• _Problem statement_
In the entries that follow, the lines from the line containing "Tetování květiny na" up to and including the line containing "1 / 11 / 1Buy" must be copied exactly, with pictures omitted.

• _Data_
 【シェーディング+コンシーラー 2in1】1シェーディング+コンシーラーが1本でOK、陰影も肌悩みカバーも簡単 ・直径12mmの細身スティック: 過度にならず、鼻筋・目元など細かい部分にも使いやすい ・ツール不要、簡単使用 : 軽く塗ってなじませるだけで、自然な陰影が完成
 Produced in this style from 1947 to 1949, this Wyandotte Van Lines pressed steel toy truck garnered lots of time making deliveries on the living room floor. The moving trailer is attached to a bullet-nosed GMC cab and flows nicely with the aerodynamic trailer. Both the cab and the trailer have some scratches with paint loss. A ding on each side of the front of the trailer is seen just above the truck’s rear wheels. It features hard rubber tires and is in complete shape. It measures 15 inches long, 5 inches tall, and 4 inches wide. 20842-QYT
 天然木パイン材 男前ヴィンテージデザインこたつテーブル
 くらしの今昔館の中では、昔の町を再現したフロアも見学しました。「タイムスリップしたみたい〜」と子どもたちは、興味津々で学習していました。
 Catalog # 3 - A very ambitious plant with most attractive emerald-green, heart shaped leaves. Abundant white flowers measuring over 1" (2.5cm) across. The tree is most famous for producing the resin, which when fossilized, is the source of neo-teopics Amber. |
--
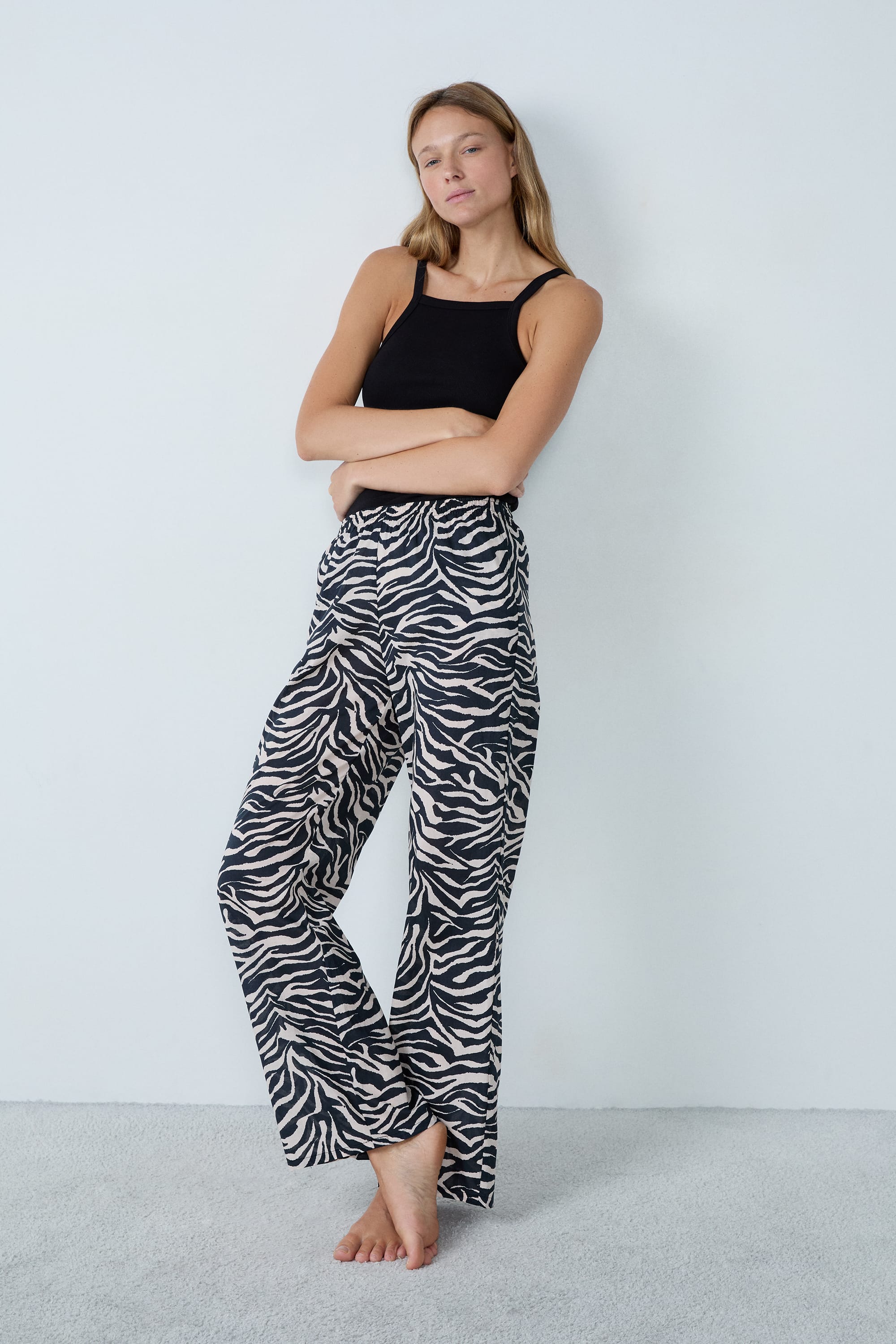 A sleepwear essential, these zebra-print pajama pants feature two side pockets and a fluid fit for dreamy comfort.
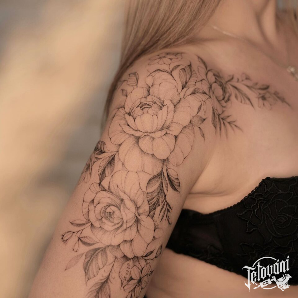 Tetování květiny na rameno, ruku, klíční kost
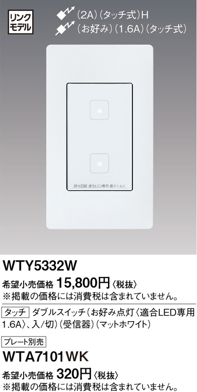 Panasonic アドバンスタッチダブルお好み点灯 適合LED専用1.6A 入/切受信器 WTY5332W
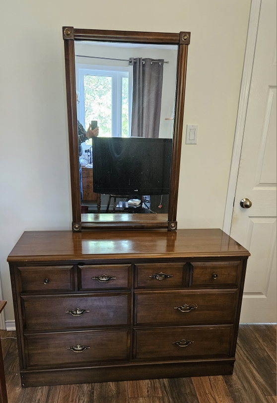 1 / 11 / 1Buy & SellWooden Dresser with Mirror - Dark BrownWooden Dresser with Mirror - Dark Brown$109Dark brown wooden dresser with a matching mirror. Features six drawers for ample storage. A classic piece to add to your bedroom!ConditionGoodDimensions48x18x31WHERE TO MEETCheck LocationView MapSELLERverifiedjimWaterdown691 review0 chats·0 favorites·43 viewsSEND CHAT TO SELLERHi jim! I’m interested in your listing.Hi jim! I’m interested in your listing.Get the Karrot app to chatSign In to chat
--
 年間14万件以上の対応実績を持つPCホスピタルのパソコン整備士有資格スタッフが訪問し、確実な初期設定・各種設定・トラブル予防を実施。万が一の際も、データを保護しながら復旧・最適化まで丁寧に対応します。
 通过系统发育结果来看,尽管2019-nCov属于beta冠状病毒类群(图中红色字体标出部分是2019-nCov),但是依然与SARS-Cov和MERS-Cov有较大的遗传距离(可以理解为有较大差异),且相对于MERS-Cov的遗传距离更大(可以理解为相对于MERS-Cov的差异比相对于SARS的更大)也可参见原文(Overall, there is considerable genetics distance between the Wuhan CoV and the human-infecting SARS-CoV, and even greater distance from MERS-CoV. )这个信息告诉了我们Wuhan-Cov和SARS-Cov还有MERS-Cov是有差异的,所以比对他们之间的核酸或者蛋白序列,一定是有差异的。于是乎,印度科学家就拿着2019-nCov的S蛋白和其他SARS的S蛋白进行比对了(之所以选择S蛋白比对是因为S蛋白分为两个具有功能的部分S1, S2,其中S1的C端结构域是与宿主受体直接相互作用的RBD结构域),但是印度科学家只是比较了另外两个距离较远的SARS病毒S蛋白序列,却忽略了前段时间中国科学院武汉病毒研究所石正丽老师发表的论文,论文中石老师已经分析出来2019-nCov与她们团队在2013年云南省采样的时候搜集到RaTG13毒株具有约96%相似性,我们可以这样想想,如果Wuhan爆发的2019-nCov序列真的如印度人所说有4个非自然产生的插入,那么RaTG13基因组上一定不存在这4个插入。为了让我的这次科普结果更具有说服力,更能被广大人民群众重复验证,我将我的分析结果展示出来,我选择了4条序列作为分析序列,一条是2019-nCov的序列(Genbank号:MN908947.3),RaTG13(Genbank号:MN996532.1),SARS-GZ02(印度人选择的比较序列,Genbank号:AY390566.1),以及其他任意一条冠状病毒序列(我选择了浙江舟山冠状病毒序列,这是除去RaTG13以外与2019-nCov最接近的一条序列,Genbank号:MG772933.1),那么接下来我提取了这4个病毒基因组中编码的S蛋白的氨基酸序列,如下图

• _Completed task_
 Tetování květiny na rameno, ruku, klíční kost
 Panasonic アドバンスタッチダブルお好み点灯 適合LED専用1.6A 入/切受信器 WTY5332W
 1 / 11 / 1Buy & SellWooden Dresser with Mirror - Dark BrownWooden Dresser with Mirror - Dark Brown$109Dark brown wooden dresser with a matching mirror. Features six drawers for ample storage. A classic piece to add to your bedroom!ConditionGoodDimensions48x18x31WHERE TO MEETCheck LocationView MapSELLERverifiedjimWaterdown691 review0 chats·0 favorites·43 viewsSEND CHAT TO SELLERHi jim! I’m interested in your listing.Hi jim! I’m interested in your listing.Get the Karrot app to chatSign In to chat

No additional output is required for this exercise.